(Dataset section):
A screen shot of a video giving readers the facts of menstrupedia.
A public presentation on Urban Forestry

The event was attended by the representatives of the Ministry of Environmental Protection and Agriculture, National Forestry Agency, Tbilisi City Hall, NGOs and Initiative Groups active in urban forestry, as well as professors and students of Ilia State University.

(What you should do): Nothing in the data may be left out; copy every line exactly.

(Task output):
A screen shot of a video giving readers the facts of menstrupedia.
A public presentation on Urban Forestry

The event was attended by the representatives of the Ministry of Environmental Protection and Agriculture, National Forestry Agency, Tbilisi City Hall, NGOs and Initiative Groups active in urban forestry, as well as professors and students of Ilia State University.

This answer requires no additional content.